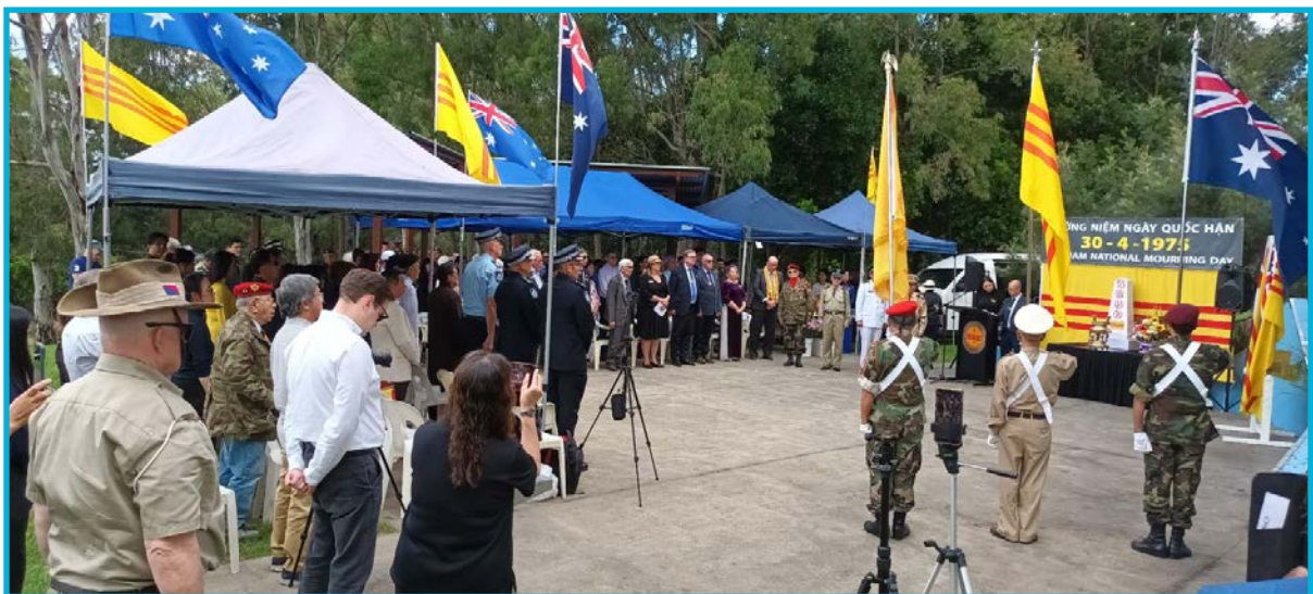
Cộng Đồng Người Việt Tự Do Tiểu Bang Queensland tổ chức Ngày Quốc Hận 30/4 tại Freedom Plaza, thành phố Brisbane – ngày 30 Tháng 4 Năm 2024
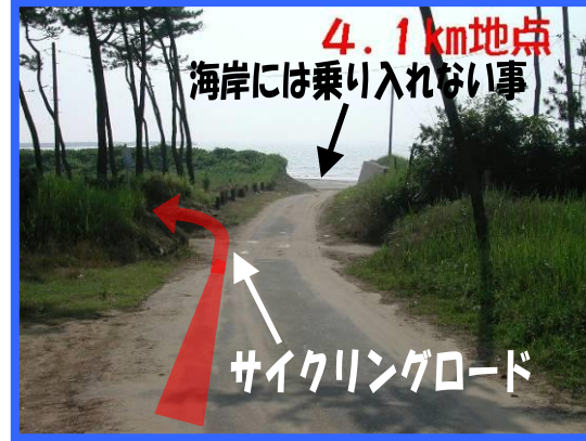
⑦ 左折してサイクリングロードへ入る
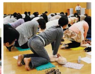
さまざまな職場で
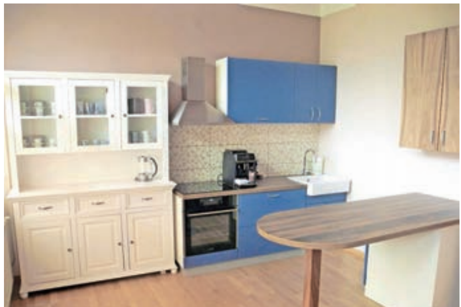
Uredili smo tudi kuhinjo

Prostori so na voljo vsem zainteresiranim društvom, interesnim skupinam, organizacijam in posameznikom za namene produktivnega druženja, razvijanja novih idej, medgeneracijskemu povezovanju v obliki izvajanja dogodkov, delavnic, izobraževanj, usposabljanj, predavanj, razstav, ipd. Sodobno opremljeni prostori zajemajo: osrednji prostor (mize, stoli, sedalne vreče, TV-projektor, računalniki, pisarniška oprema ...), kuhinjo, sanitarije, hodnik in pred-
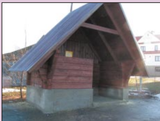
Nowy przystanek w Krasnem-Lasocicach
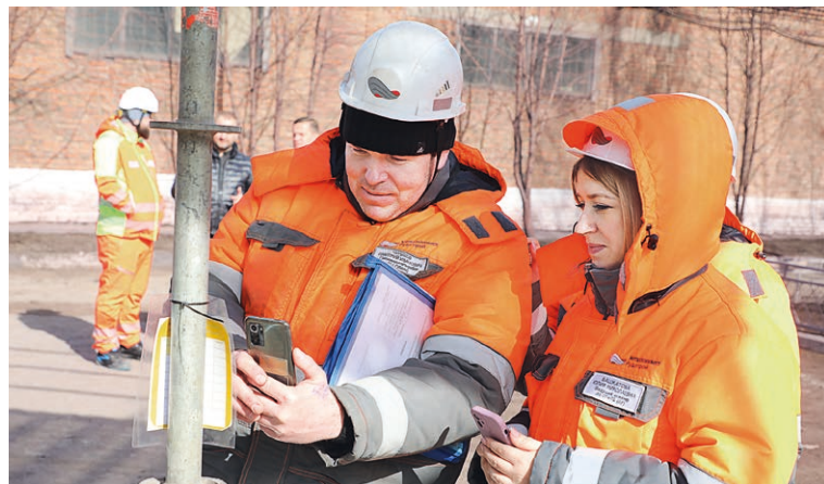
▲ После сборки на леса вешают бирку одного из трёх цветов — зелёного, жёлтого или красного. Жёлтый означает, что работа на них разрешена при соблюдении определённых условий
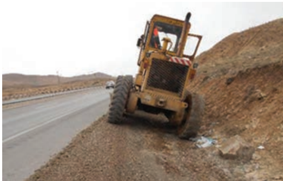
شکل ۱۵-۱- احداث شانه خاکی

■ شانه راه: بخشی از بدنه راه است که در دو طرف خط‌های عبور رفت و برگشت قرار داشته و برای توقف اضطراری وسایل نقلیه به کار می‌رود. شانه راه به دلیل افزایش فاصله دید در پیچ‌ها، نصب علائم راهنمایی و رانندگی، به وجود آوردن دید مناسب برای رانندگان، به وجود آوردن جایی برای انباشتن برف حاصل از برف‌روبی در راه به کار گرفته می‌شود.
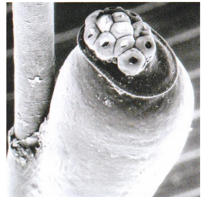
ภาพที่ ภาพจุลทรรศน์อิเล็กตรอนแสดง ไข่เหาซึ่งเกาะติดอยู่บริเวณเส้นผม
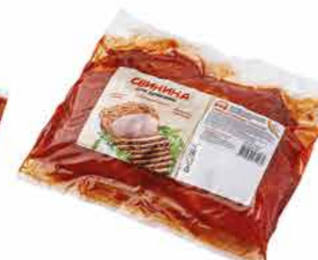
СВИНИНА ДЛЯ ЗАПЕКАНИЯ «АППЕТИТНАЯ»
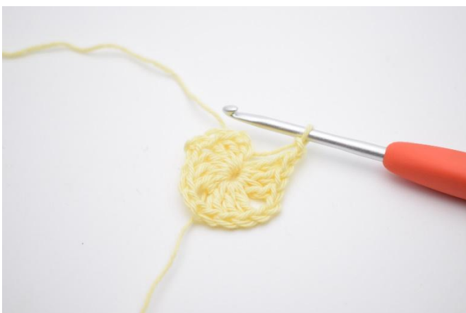
5. Upprepa "3 st och lägg upp 2 lm" 2 gånger till, och dra åt din mr lite lätt.
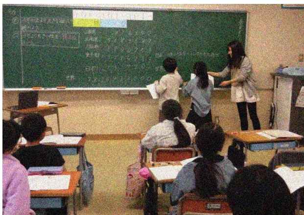
4年2組 算数「千万より大きな数」
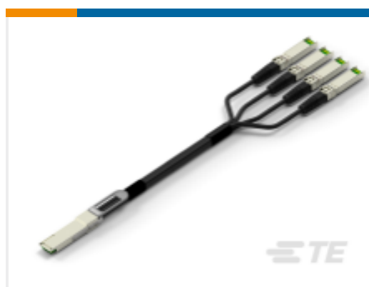
TE 系列/零件编号 2334236-6 QSFP TO [4]SFP25GIG 30AWG 3 METER
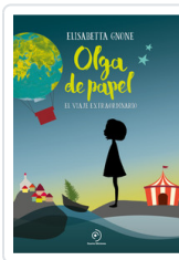
OLGA DE PAPEL GNONE, ELISABETTA
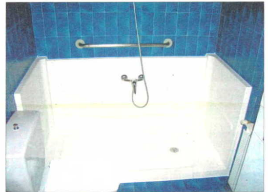
Ducha sin mamparas. / REPORTAJE GRÁFICO: FLAMA DE VIDA

Es de destacar que este tipo de aparatos está diseñado para todos los tipos de discapacidad y su activación puede hacerse mediante la voz o a través de un conmutador que pone en funcionamiento los distintos dispositivos del hogar.
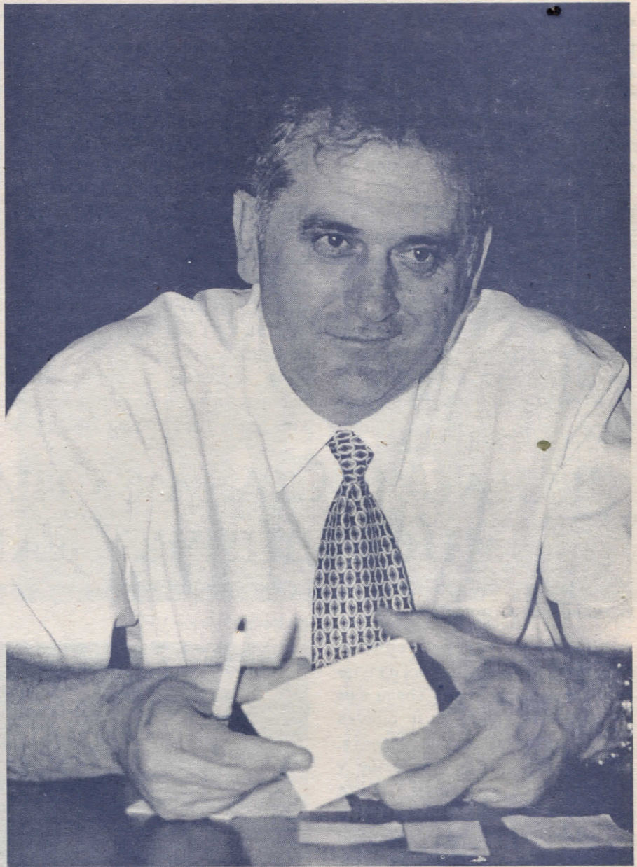
"Рад за отаџбину смисао целокупног живота"

Ево, десет година српски народ има добар правац, али непрекидно подбацује и непрекидно иде из пораза у пораз. Победа Српске радикалне странке на изборима биће једна у низу великих победа које нас очекују. Волео бих да сам и ја данас имао прилику да говорим о неком другом као председничком кандидату, било би их овде много о којима бих могао све
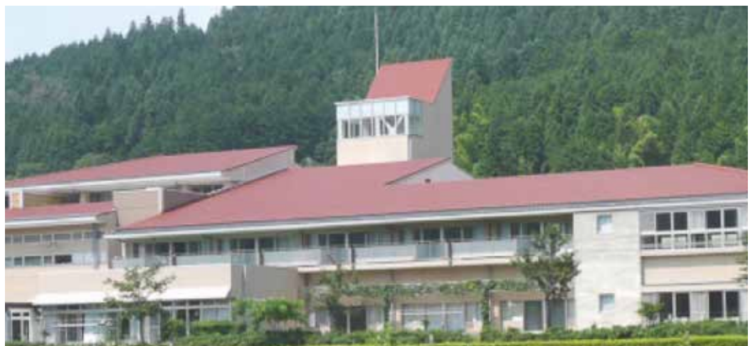
経営改善に取り組む湯原温泉病院

昨年を引き続き、厳しい状況は続いています。年度末の見込みとしては昨年度2億円の赤字から、目標とする1億円の赤字に近づけるよう経営改善を行い、病院全体で取り組んでいます。
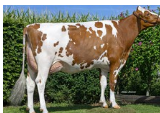
Miss Spark Red, Spark x Missy P RDC
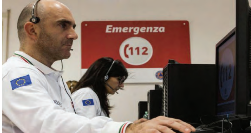
Due le centrali del servizio 112, a Saluzzo (Cn) e Grugliasco (To)

Il numero unico 112 attivo in tutto il Piemonte. Un solo centralino per tutte le emergenze, abbinato ad un numero semplice da individuare e ricordare: con l'estensione anche alle province di Biella e Novara è operativo in tutto
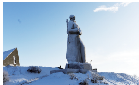
矗立在山顶的阿廖沙士兵雕像
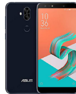
Zenfone 5Q ZC600KL

ASU-X017DA-5A106TH (Black) ASU-X017DA-5B107TH (White) ASU-X017DA-5C108TH (Red)
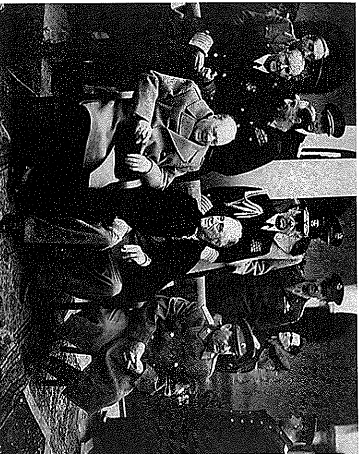
Hlavní protagonisté Jaltské smlouvy: W. Churchill, F. D. Roosevelt a J. V. Stalin

Stalin se tím v žádném případě nedal zmást; sotva krymská konference skončila, vyslal do Rumunska Vyšinského, oblibeného soudce z velkých procesů třicátých let, aby tam doručil králi Michalovi ultimátum a dosadil komunisty kontrolovanou vládu. V téže době se do Moskvy vydala delegace polských odbojářů z nekomunistické Zemské armády, aby se účastnila ustavení poválečných institucí, a byla hned po příjezdu zatčena. V nikdy neodslaném dopise Rooseveltovi vyjádřil Churchill výslovně vztah mezi Jaltskou dohodou a následujícími událostmi: „Nedáme-li to okamžitě do pořádku, svět brzy usoudí, že jsme svým podpisem Krymské dohody parafovali cár papíru.“ 8 Nemýlil se. Jalta byla prohra, ne pro jakousi mytickou dějbu světa, ani — po pravdě řečeno — proto, že Západ nedokázal zadžet sovětské plány ve střední Evropě, ale protože dohoda spočívala na pochybné hypotéze, že Stalin a západní představitelé dávají stejný význam slovům jako demokracie, suverenity nebo nezávislost, a protože konkrétní význam těchto slov v předpokladech ustavení budoucí polské vlády se v praxi rovnal západnímu přijetí sovětského dvojjihy jazyka o „lidových demokraciích“.

========================================

(INSTRUCTIONS TO FOLLOW)
Drop the pictures and reproduce the rest of the entries above exactly.

(ANSWER BOX)
Cộng Đồng Người Việt Tự Do Tiểu Bang Queensland tổ chức Ngày Quốc Hận 30/4 tại Freedom Plaza, thành phố Brisbane – ngày 30 Tháng 4 Năm 2024
⑦ 左折してサイクリングロードへ入る
さまざまな職場で
Uredili smo tudi kuhinjo

Prostori so na voljo vsem zainteresiranim društvom, interesnim skupinam, organizacijam in posameznikom za namene produktivnega druženja, razvijanja novih idej, medgeneracijskemu povezovanju v obliki izvajanja dogodkov, delavnic, izobraževanj, usposabljanj, predavanj, razstav, ipd. Sodobno opremljeni prostori zajemajo: osrednji prostor (mize, stoli, sedalne vreče, TV-projektor, računalniki, pisarniška oprema ...), kuhinjo, sanitarije, hodnik in pred-
Nowy przystanek w Krasnem-Lasocicach
▲ После сборки на леса вешают бирку одного из трёх цветов — зелёного, жёлтого или красного. Жёлтый означает, что работа на них разрешена при соблюдении определённых условий
شکل ۱۵-۱- احداث شانه خاکی

■ شانه راه: بخشی از بدنه راه است که در دو طرف خط‌های عبور رفت و برگشت قرار داشته و برای توقف اضطراری وسایل نقلیه به کار می‌رود. شانه راه به دلیل افزایش فاصله دید در پیچ‌ها، نصب علائم راهنمایی و رانندگی، به وجود آوردن دید مناسب برای رانندگان، به وجود آوردن جایی برای انباشتن برف حاصل از برف‌روبی در راه به کار گرفته می‌شود.
ภาพที่ ภาพจุลทรรศน์อิเล็กตรอนแสดง ไข่เหาซึ่งเกาะติดอยู่บริเวณเส้นผม
СВИНИНА ДЛЯ ЗАПЕКАНИЯ «АППЕТИТНАЯ»
5. Upprepa "3 st och lägg upp 2 lm" 2 gånger till, och dra åt din mr lite lätt.
4年2組 算数「千万より大きな数」
TE 系列/零件编号 2334236-6 QSFP TO [4]SFP25GIG 30AWG 3 METER
OLGA DE PAPEL GNONE, ELISABETTA
Ducha sin mamparas. / REPORTAJE GRÁFICO: FLAMA DE VIDA

Es de destacar que este tipo de aparatos está diseñado para todos los tipos de discapacidad y su activación puede hacerse mediante la voz o a través de un conmutador que pone en funcionamiento los distintos dispositivos del hogar.
"Рад за отаџбину смисао целокупног живота"

Ево, десет година српски народ има добар правац, али непрекидно подбацује и непрекидно иде из пораза у пораз. Победа Српске радикалне странке на изборима биће једна у низу великих победа које нас очекују. Волео бих да сам и ја данас имао прилику да говорим о неком другом као председничком кандидату, било би их овде много о којима бих могао све
経営改善に取り組む湯原温泉病院

昨年を引き続き、厳しい状況は続いています。年度末の見込みとしては昨年度2億円の赤字から、目標とする1億円の赤字に近づけるよう経営改善を行い、病院全体で取り組んでいます。
Miss Spark Red, Spark x Missy P RDC
Due le centrali del servizio 112, a Saluzzo (Cn) e Grugliasco (To)

Il numero unico 112 attivo in tutto il Piemonte. Un solo centralino per tutte le emergenze, abbinato ad un numero semplice da individuare e ricordare: con l'estensione anche alle province di Biella e Novara è operativo in tutto
矗立在山顶的阿廖沙士兵雕像
Zenfone 5Q ZC600KL

ASU-X017DA-5A106TH (Black) ASU-X017DA-5B107TH (White) ASU-X017DA-5C108TH (Red)
Hlavní protagonisté Jaltské smlouvy: W. Churchill, F. D. Roosevelt a J. V. Stalin

Stalin se tím v žádném případě nedal zmást; sotva krymská konference skončila, vyslal do Rumunska Vyšinského, oblibeného soudce z velkých procesů třicátých let, aby tam doručil králi Michalovi ultimátum a dosadil komunisty kontrolovanou vládu. V téže době se do Moskvy vydala delegace polských odbojářů z nekomunistické Zemské armády, aby se účastnila ustavení poválečných institucí, a byla hned po příjezdu zatčena. V nikdy neodslaném dopise Rooseveltovi vyjádřil Churchill výslovně vztah mezi Jaltskou dohodou a následujícími událostmi: „Nedáme-li to okamžitě do pořádku, svět brzy usoudí, že jsme svým podpisem Krymské dohody parafovali cár papíru.“ 8 Nemýlil se. Jalta byla prohra, ne pro jakousi mytickou dějbu světa, ani — po pravdě řečeno — proto, že Západ nedokázal zadžet sovětské plány ve střední Evropě, ale protože dohoda spočívala na pochybné hypotéze, že Stalin a západní představitelé dávají stejný význam slovům jako demokracie, suverenity nebo nezávislost, a protože konkrétní význam těchto slov v předpokladech ustavení budoucí polské vlády se v praxi rovnal západnímu přijetí sovětského dvojjihy jazyka o „lidových demokraciích“.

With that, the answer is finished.